Tears sprang to his eyes, and a wild shiver ran through him like a lance. He wanted to cry out. He heard a low, whimpering sound, but it seemed to be coming from the darkness around him, not from inside him. Another gust of wind swept up a spray of dust and dead leaves and litter from the gutter beside him, and spun around in a tiny whirlwind. The rattling, scraping sounds hurt his ears, and for just an instant, he imagined that he could see a face in the center of the swirling debris.
This isn’t happening!…This can’t be happening, he told himself, but the unfocused dread was like a lead weight inside his chest, dragging him down. If he could get back to his apartment, if he could just get inside and shut the door and lock it behind him, he might be all right.
“Might be,” he whispered and, at the same instant, thought, Safe from what?
Transfixed, he watched as the dust devil with the face inside it glided down toward the river, gradually dissolving into the darkness. It left behind the faint echo of its passing and the raw smell of decay.
A hard, hot throbbing in his neck made Ben’s eyes pulse. His vision swelled as he stared off into the darkness b
eyond the dusky glow of the streetlight. Tears blurred his vision, shattering the light from the streetlight into thousands of fiery, dancing splinters.
He wasn’t stupid.
He knew exactly what was happening to him. In college, he’d experimented a few times with pot and LSD just to see what they were all about, but he knew this was qualitatively different. This, he feared, was symptomatic of something far more serious. The only question was, was there something organically wrong with his brain, or was it psychological?

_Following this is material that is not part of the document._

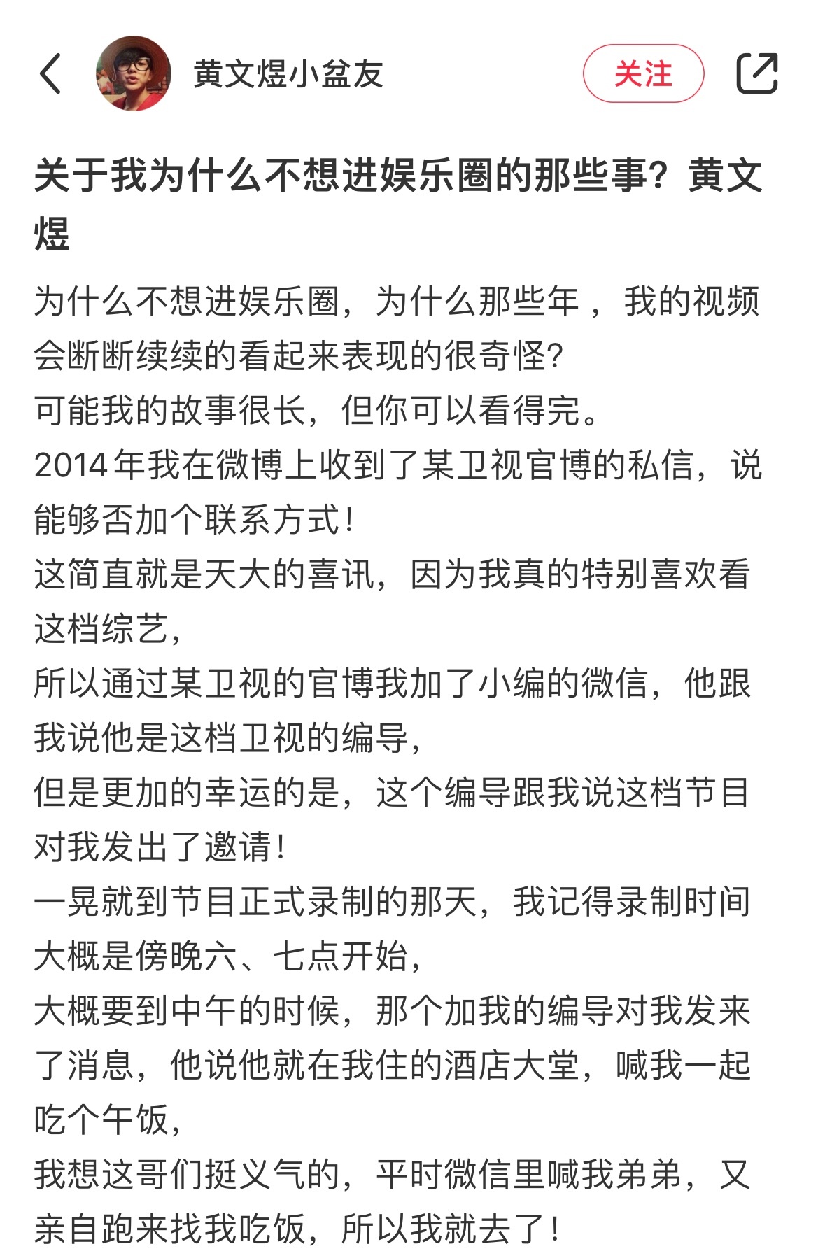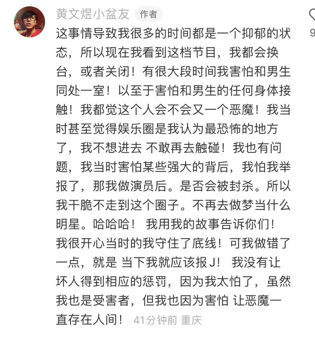 omg #黄文煜自曝九年前被某卫视编导猥亵# 才不想进娱乐圈。
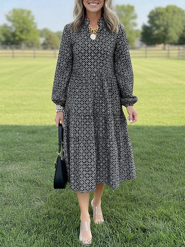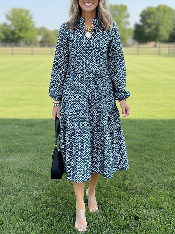 The v neck vintage printed dress is a versatile and stylish addition to any wardrobe. With its unique design elements and comfortable fit, it is perfect for both casual outings and more formal occasions. Embrace the effortless elegance of this dress and let it become your go-to piece for a variety of events.

He was positive he was having some kind of mental breakdown. Then again, what could he expect after going for nights on end without any sleep?

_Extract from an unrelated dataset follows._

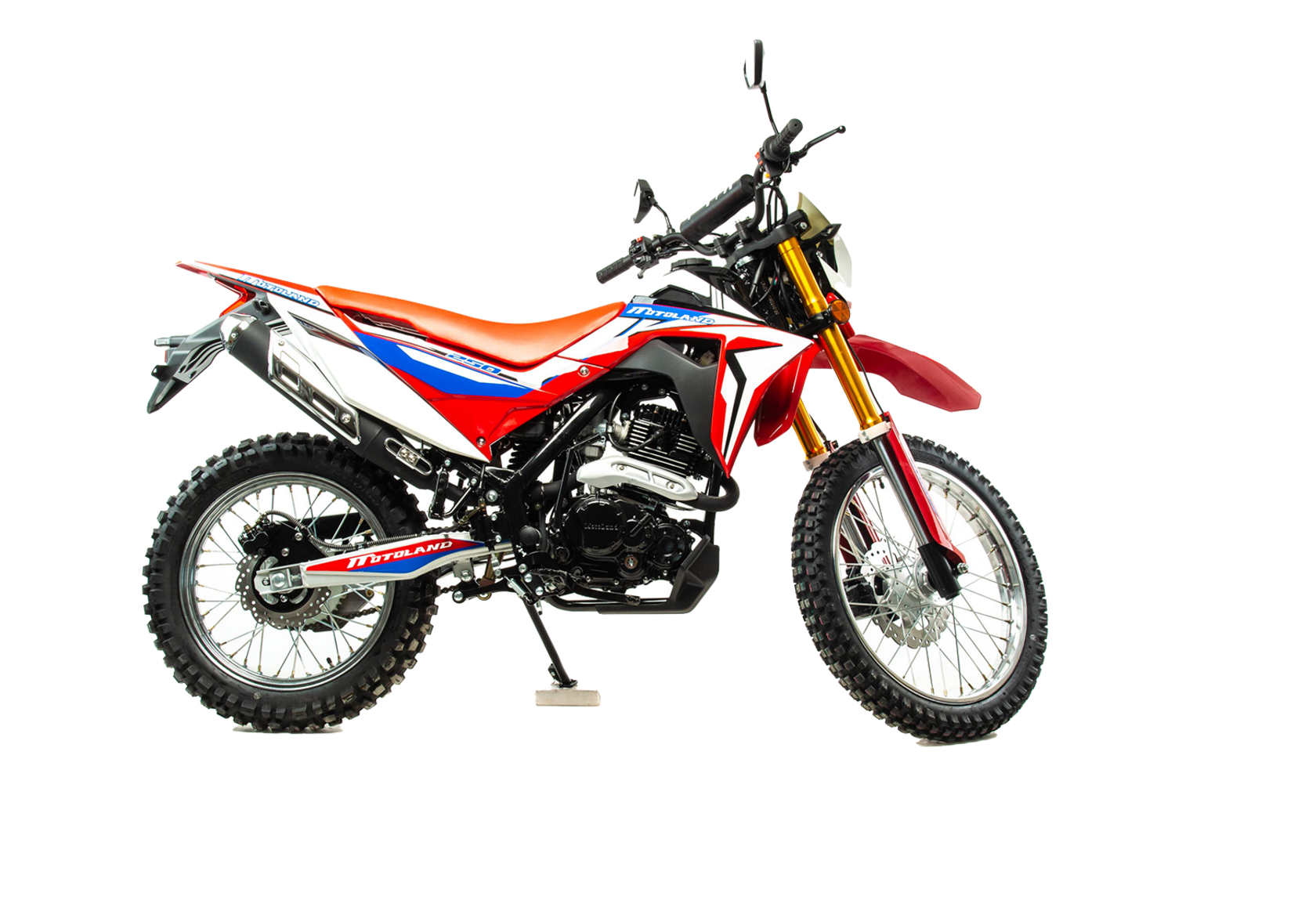 Motoland CRF ST ENDURO предназначен для езды по бездорожью, эндуро соревнований, подходит для города, шоссейных и сельских дорог, имеет ПТС. Китайский Эндуро компании MotoLand оснащён одноцилиндровым 4-тактным двигателем 170 FMN мощностью объемом 250 см³. Мотор мощностью 16 л. с. даёт возможность разгоняться на Эндуро по ровной трассе до 120 км/ч. Расход топлива — 5 литров на 100 км. Коробка передач механическая, 5-скоростная. Для запуска мотора используйте электростартёр или кикстартёр. Установлена электронная система зажигания (CDI). Эндуро MotoLand отличаются высокой проходимостью, отлично ведут себя на мягком грунте и песке, легко преодолевают препятствия. Спортивный характер Эндуро 250 подчёркивается современным дизайном. Классическая конструкция акцентирует внимание на сильных сторонах мотоцикла, которому не страшны грязь, брёвна, камни и другие преграды. Мотоцикл Motoland CRF ST ENDURO доступен в красном цвете. Мотолэнд Эндуро весит 135 кг. Длина мотоцикла — 2100 мм, высота по седлу — 890 мм. Эндуро подходит для пользователей любого роста, хорошо держит баланс и позволяет уверенно сохранять равновесие даже на сложных участках эндуро трасс. Колёса спицованные, сделаны из алюминия. Размер переднего колеса — 21 дюйм (530 мм), заднего — 18 дюймов (450 мм). Передние и задние тормоза дисковые. Покрышки с крупными шипами подходят для бездорожья, лесных дорог, песка и мягкого грунта. При этом купить мотоцикл Эндуро можно не только для соревнований, но и для езды по трассе и городу. У Motoland CRF ST ENDURO для этого есть всё необходимое: ПТС, зеркала заднего вида, поворотники, стоп-сигнал, фара дальнего и ближнего света. На заднем крыле установлено крепление для номера. Рама у мотоцикла стальная, хорошего качества. Передняя вилка — перевёрнутая телескопического типа, дополнительно защищена жёстким пластиком. Задняя подвеска с моноамортизатором. Руль Эндуро усилен пластиковыми рамками, которые защищают руки гонщика от веток и травм при падениях. Приборная панель оснащена ЖК-экраном, на котором отображается вся информация о состоянии Эндуро: обороты, пробег, скорость и другие необходимые данные. У нас Вы можете купить этот мотоцикл с бесплатной доставкой по РФ. Также его можно приобрести в рассрочку или в кредит.

“Jesus, get a grip,” he whispered, cringing at the sound of his own voice. Like the faint footsteps he’d heard earlier, his voice seemed to come at him from the darkness.

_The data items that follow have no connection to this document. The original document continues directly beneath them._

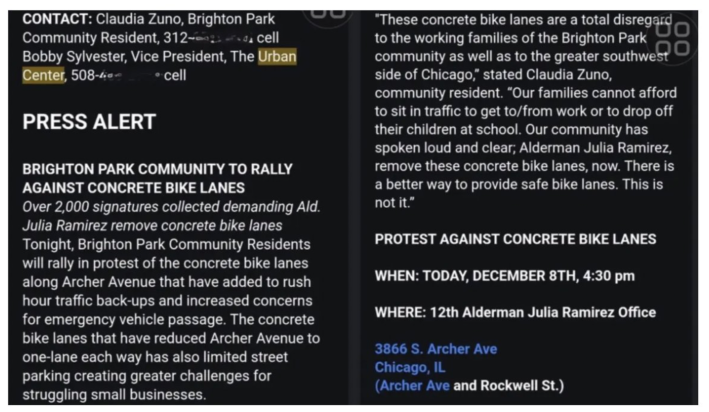Zuno definitely knew people from the Urban Center by then. On the press release the group put out for the December 8 Archer protest, held the week before our conversation, she was listed as a contact and quoted calling out Ald. Ramirez.
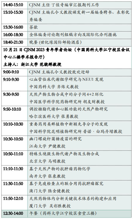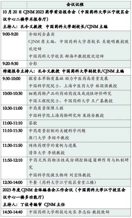 2023年10月19-21日,CJNM期刊将在beat365官方网站江宁校区召开2023年度CJNM全体编委会工作会议暨药学前沿报告会。届时将邀请天然药物领域的院士、杰青、知名专家围绕天然药物前沿热点作精彩报告。会议主题为“聚焦天然药物前沿热点,推动学科交叉融合”,热烈欢迎广大读者作者参会。本次会议不收取会务费。会议同期召开2023年度CJNM编委会全体工作会议,诚挚邀请编委会全体委员参加会议。
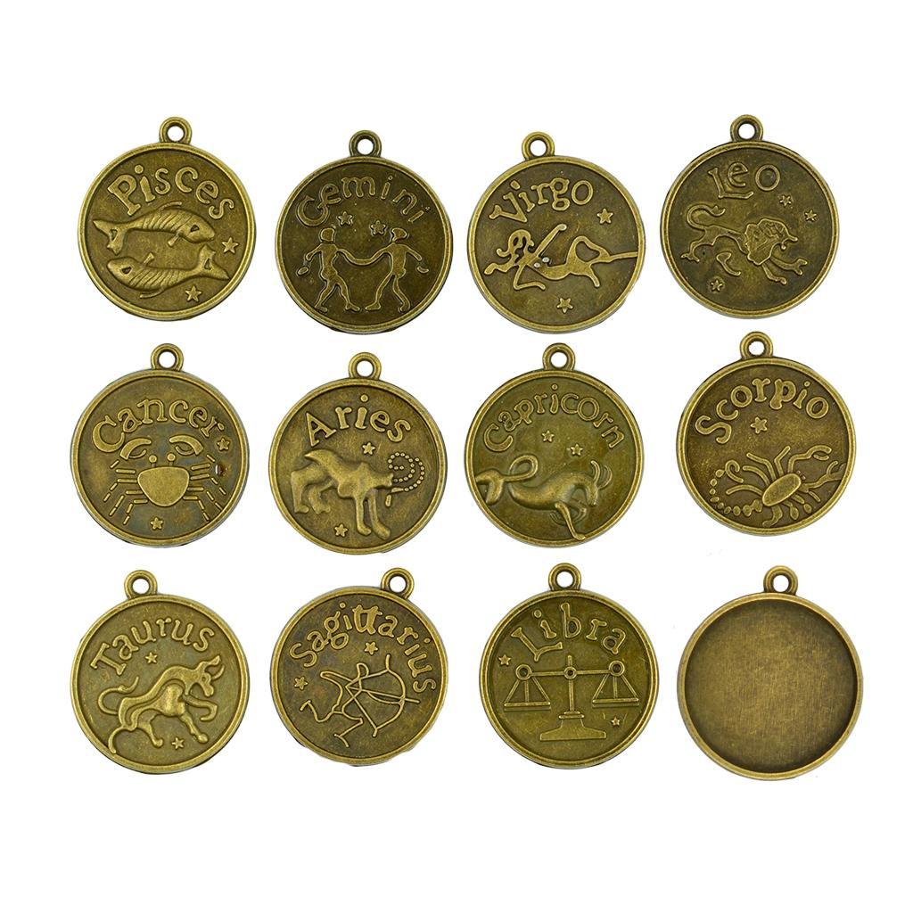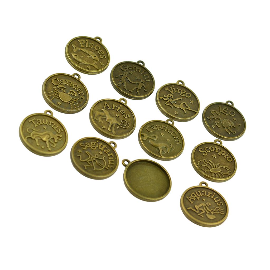 12 Pieces Zodiac Constellation Blank Cabochon Pendant
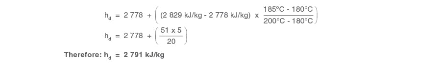 Interpolating for enthalpy at 10 bar a and 185°C:

Looking around, he noticed that Spears Street seemed curiously deserted. The houses on both sides were dark. It seemed as though time had somehow frozen for everyone except him, and he was left totally isolated. After what seemed like several minutes, from far off in the distance, he heard a loud, heavy rumbling sound. Looking toward Main Street, he saw headlights suddenly spike the night, sweeping like twin searchlights as a car sped by the town park.
They’ll see me, Ben thought irrationally, and the instant he had a focal point for his panic, he found the reserve of strength he needed to move. Darting to the side of the street, he found himself ankle-deep in a pile of dead leaves that lined the gully. Cringing, he waited for the car to turn onto his street and nail him with its glaring headlights, but it moved down Main Street until its tail-lights glared like two baleful eyes before disappearing around a corner. As soon as it was out of sight, Ben had the distinct impression it hadn’t really been there. Only the thin blue cloud of exhaust that hung in the air behind it was any proof it was real. Before Ben turned up the walkway to his apartment door, he caught a whiff of the exhaust, and then the night closed down around him, muffling all sound except for his shallow breathing.